More than anything else, I love that DX: HR not only demonstrates these kinds of games are financially and critically viable, but there's an underserved audience very hungry for this kind of game. I'm hoping Arkane's Dishonored offers up a similar buffet when it comes out this year.

Oh, and the other thing to learn from DX: HR? Never, *ever* outsource gigantic progress blocking boss fights in your game. Just ... just don't. Ever.

Best Spaceship Arm- Insanely Twisted Shadow Planet

I didn't buy Insanely Twisted Shadow Planet when it first came out (I tried the demo and it didn't grab me), but then I was assigned to judge the game for this year's IGF. I played it through to completion and was actually struck by how much I enjoyed it. Beyond the striking visuals that clearly bear Michel Gagné's mark, the game itself is actually a pretty freaking tight little Metroidvania. The various tools almost all have a great feel, especially the little claw arm the ship can use to heft, drag and throw objects. The perfect size for a downloadable game, it very well scratched that explore -> upgrade -> explore more itch. And it made me kind of want to make a Metroidvania game ... hmmm ...
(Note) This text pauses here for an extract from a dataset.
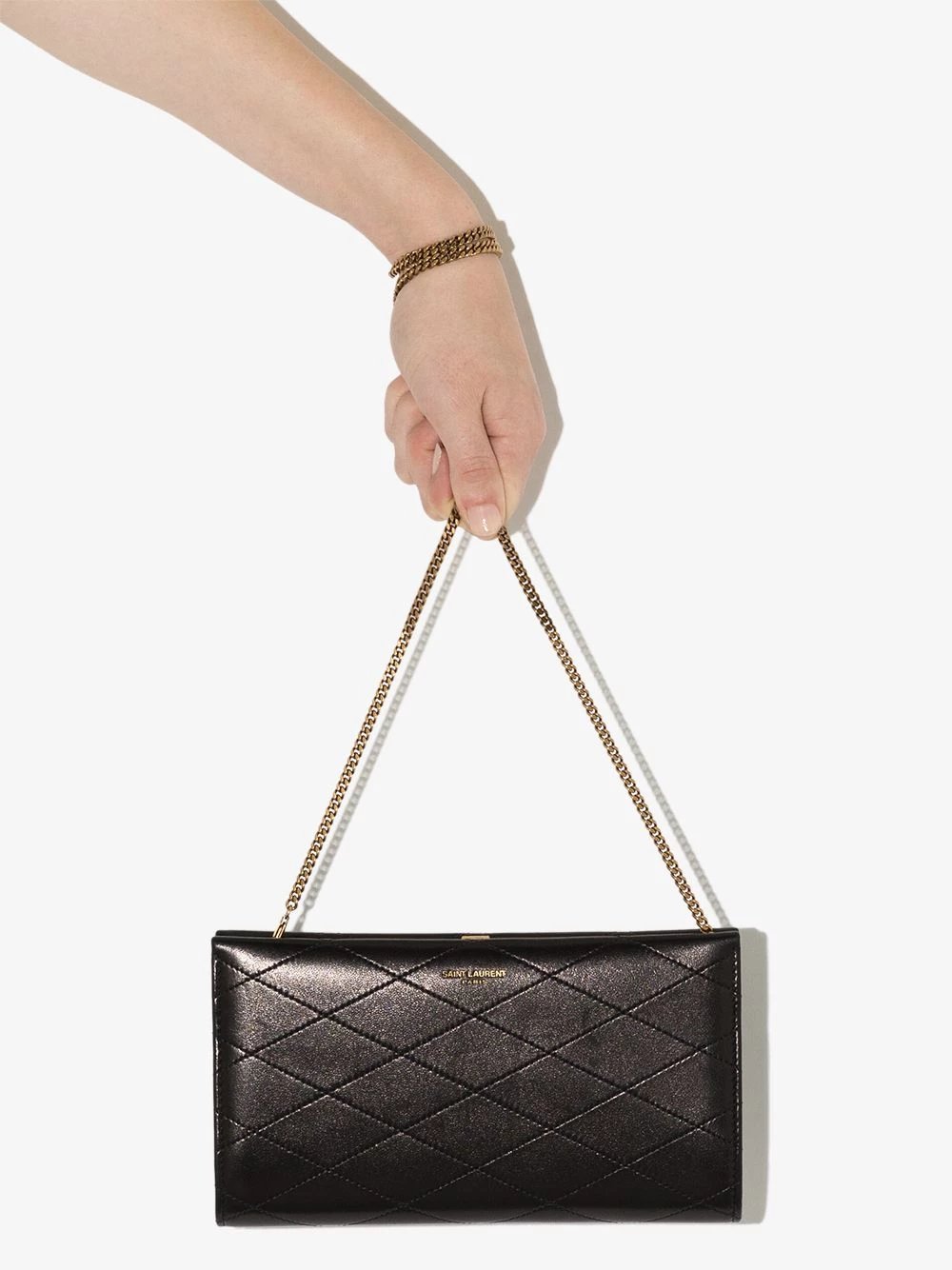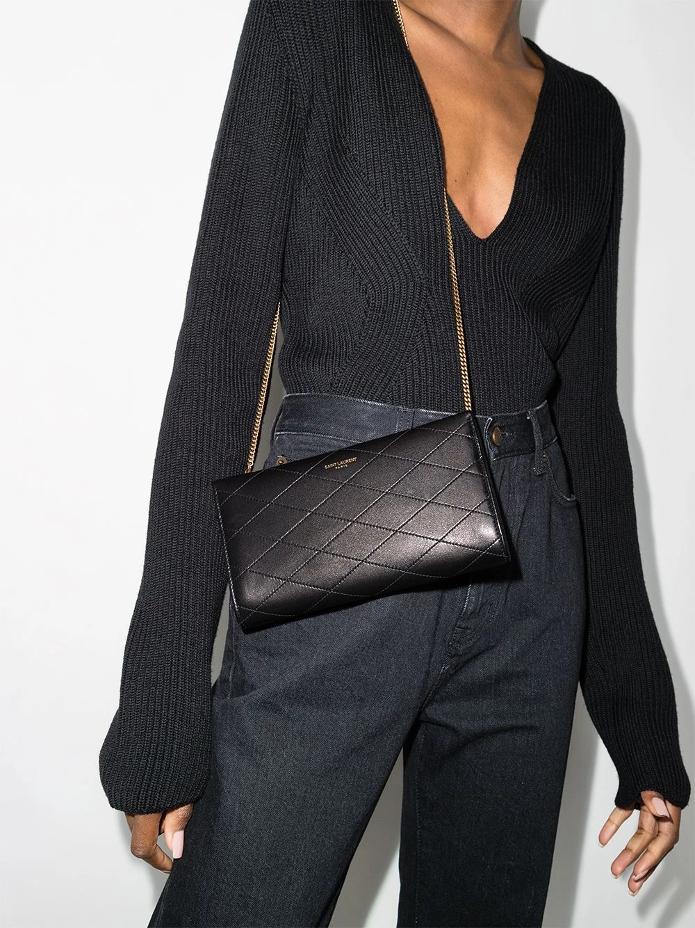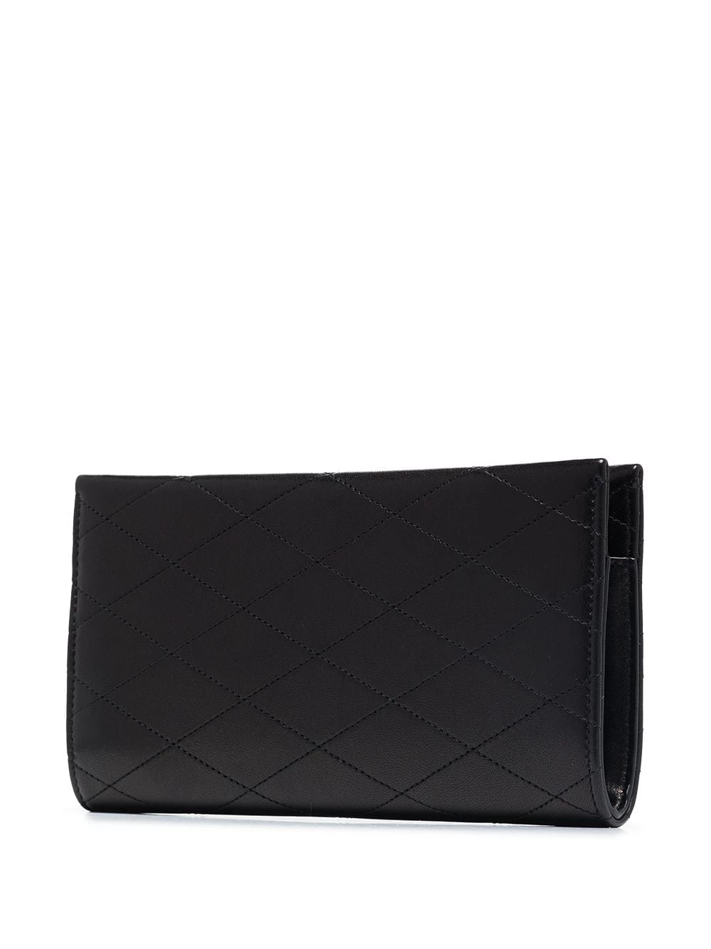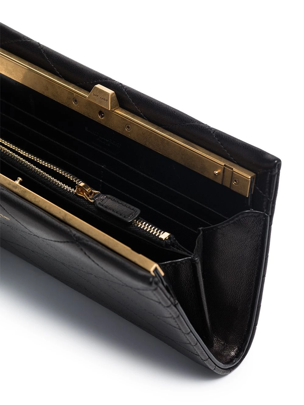 Saint Laurent’s signature sleek design style is showcased in this clasp-fastening wallet through refined detailing such as a logo stamp at the front and tonal stitching in diamond shapes across the front and back of the design.

And it appears that ITSP was nominated for an Annie Award (Animation's Oscars, basically) for best game animation. Shank was actually nominated last year, but Limbo took the award home, which was fair enough. And I'd say that if ITSP or Rayman: Origins doesn't take home the statue this year, something ain't right with the world.

Best Emo Vikings - Skyrim

This one is cheating a little, since I technically haven't finished Skyrim yet (but I will ... someday!). And really, I'm not sure there's left to be said about Skyrim that someone hasn't already said. It's gorgeous, it's sprawling, it's diverse and it supports so many different kinds of play. Sure, it has its flaws, but the sheer scale of the game and the joy one gets from exploring it make that almost not matter. (Although Shamus Young's takedown of the Thieves Guild questline took me from ambivalent to also actually very disappointed as soon as I thought about how many gigantic plot holes there are, and I generally love any sneak-y bits!)

So yeah, Skyrim is fantastic, especially once you install the mod that gives the game an actual, usable inventory. Actually, the fact that when so many games are shipping with ever-increasing restrictions, seeing Bethesda's whole hearted support of modding of Skyrim continue (and in fact, via the Steam Workshop, become possibly more prolific than its ever been) is something I could not be more excited about. I'll always be a PC person at heart and things like this are a big part of the reason why.

So those were some of my favourite games of 2011. Now back to making ours, so hopefully it can show up on at least a few people's lists this time next year.

1 Comments:

Blogger Gaming in Public said...

Got to love them Emo Vikings! Here are some that I would also love t add to your amazing list!

Who said you couldnt have more robots!: Earth Defense Force Insect Amageddon. You don't need a story all you need are giant guns to destroy giant robots!

Who says 2-D doesnt make good 3-D: VVVVVV
This is probably the best port to date of a game. It plays well on a handheld and it features some of the best game play to date. Did I mention the words come out of the screen!!!!

It totally flew under the radar: Volchaos
Most of the 80ms point games are crap but this one seems to shine. A unique twist on platforming with a bit of humor thrown in! Also working on the PC port with a level editor.